Analyse des Hexameters Verg. Aen. 4,667 (mit Angabe der Silbenquantitäten): lāmēntīs gĕmĭtūqu(e) ēt fēmĭnĕōh ŭlŭlātū … Bezüglich Prosodie ist zunächst einmal die Elision (vgl. Kapitel 2.6) in gemituqu(e) zu nennen. Dies ist aber eine sehr verbreitete Erscheinung. Besonders auffällig in diesem Vers ist der Hiat nach femineo, bei dem keine Hiatkürzung eintritt (vgl. Kapitel 2.7). Für diesen Hiat gibt es eine stilistische Erklärung: Der Schmerz über Didos Selbstmord wird durch den Hiat hervorgehoben und rhythmisch untermalt (vgl. zu diesem Hexameter Boldrini 1999, 58). |
6. Ein Hexamter bei Lukrez (1,978) enthält gleich zwei prosodische Besonderheiten:
quo minus quo missum est veniat finique locet se …
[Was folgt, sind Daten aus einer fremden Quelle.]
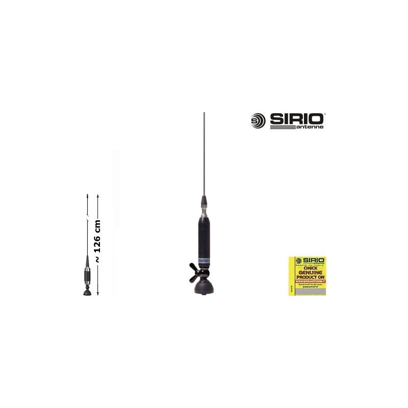 Sirio Titanium 1200 NE, antenna CB (27÷28.5 Mhz tarabile), base per fissaggio su foro Ø 12,5 mm, stelo in acciaio inox inclinabile di 180°, altezza ±1220 mm, potenza 20W (200W di picco), ROS ≤ 1.2, cavo da 4,0 m. con connettore. Antenna asportabile

Tragen Sie die Längen und Kürzen ein und erklären Sie die prosodischen Besonderheiten.
Analyse des Hexameters Lucr. 1,978 (mit Angabe der Silbenquantitäten): quō mĭnŭ(s) quō mīssūm (e)st vĕnĭāt fīnīquĕ lŏcēt sē … Eine Prodelision wie bei missum (e)st ist zwar erwähnenswert, aber nicht besonders selten (vgl. Kapitel 2.6). Ungewöhnlich ist demgegenüber, dass die Endsilbe von minus kurz gemessen wird, obwohl zwei Konsonanten folgen. Diese prosodische Erscheinung lässt sich durch die Instabilität des auslautenden -s im Altlatein (und in diesem Fall auch noch bei Lukrez) erklären: Der Buchstabe -s konnte in mehrsilbigen Wörtern nach kurzem Vokal und vor konsonantischem Wortanfang wegfallen (vgl. Kapitel 2.8 unter [e] sowie Boldrini 1999, 54 zu diesem Hexameter). |
Literaturhinweise zur Prosodie: Boldrini 1999, 29-65, Crusius/Rubenbauer 21955, 4-28 und Zgoll 2012, 37-56.